According to the United Nations, progress has slowed or reversed, and more than 270 million people are expected to be acutely food insecure or at high risk of becoming so by 2021.
Famine, driven by war and exacerbated by climatic shocks and the economic slowdown caused by the COVID-19, could soon become a reality for millions of people, according to the World Food Programme’s newest Global Operational Response Plan.
The number of people on the verge of starvation has grown from 34 million at the start of the year to 41 million in June.
They, too, fear hunger unless they receive quick emergency food aid since even the smallest shock will send them over the edge into famine.

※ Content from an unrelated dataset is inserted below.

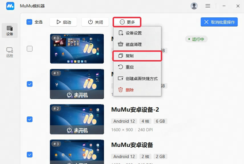或通过批量操作,复制所需数量的 MuMu安卓设备。
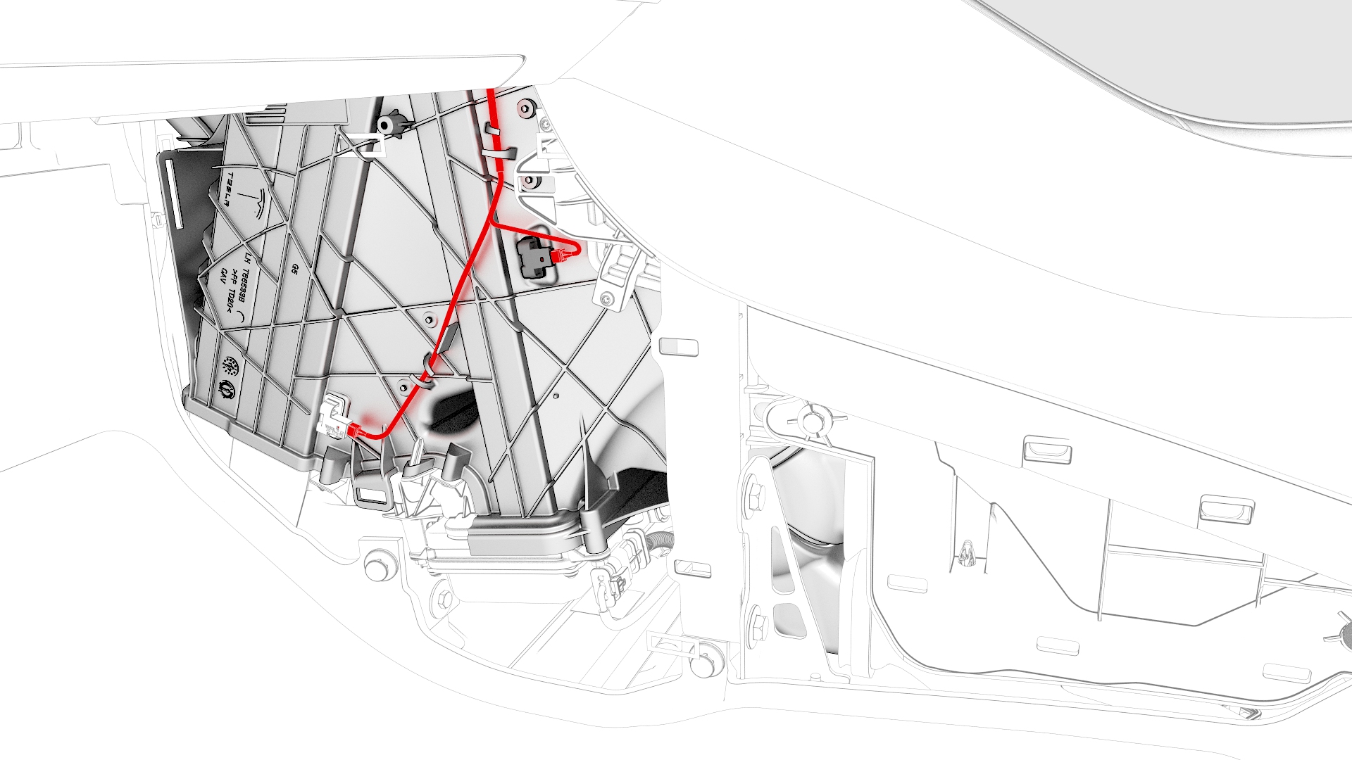 ![]() | 4 | Release the tabs that attach the LH temperature sensor inside the HVAC assembly, and then remove the LH temperature sensor from the HVAC assembly. Note: Use a plastic trim tool to release the tabs, and then pull the LH temperature sensor straight out to remove it from the HVAC assembly.

The situation in 2021 is not normal, and it is deteriorating. “As global food costs continue to increase, we are deeply worried about the world’s most vulnerable people,” the World Food Programme stated. The UN World Food Programme has issued a warning that the world is no longer on its way to achieving Zero Hunger.WFP is focusing on scaling up life-saving food and nutrition aid to address the critical needs of the world’s poorest people, eliminating access barriers, and extending cash-based transfers, with substantial scale-ups planned in Ethiopia, Lebanon, Afghanistan, Sudan, and Syria.
The greatest threat to children and the realization of their rights across borders and generations is the climate catastrophe. Millions of children and families have already been driven into poverty as a result of the COVID-19 pandemic, which has also exacerbated hunger and malnutrition. Flooding, storms, and droughts, on the other hand, are creating malnutrition among children,” said Inger Ashing, CEO of Save the Children International.
In 2021, the World Food Programme (WFP) will require $5 billion to prevent famine and address the urgent food and nutrition requirements of the world’s most vulnerable people, but the cost of doing nothing is tenfold greater. The $5 billion for famine mitigation is around a third of WFP’s overall funding needs for 2021, which are $15 billion.
Some key elements for the transformation:
- Particularly for communities suffering frequent and protracted crises, a greater emphasis on preventive and developing resilience is critical. This necessitates both political will and immediate, scaled-up, coherent, and coordinated action across humanitarian, development, peace, and climate actors, as well as investment in long-term, inclusive solutions.
The greatest threat to children and the realization of their rights across borders and generations is the climate catastrophe. Millions of children and families have already been driven into poverty as a result of the COVID-19 pandemic, which has also exacerbated hunger and malnutrition. Flooding, storms, and droughts, on the other hand, are creating malnutrition among children,” said Inger Ashing, CEO of Save the Children International.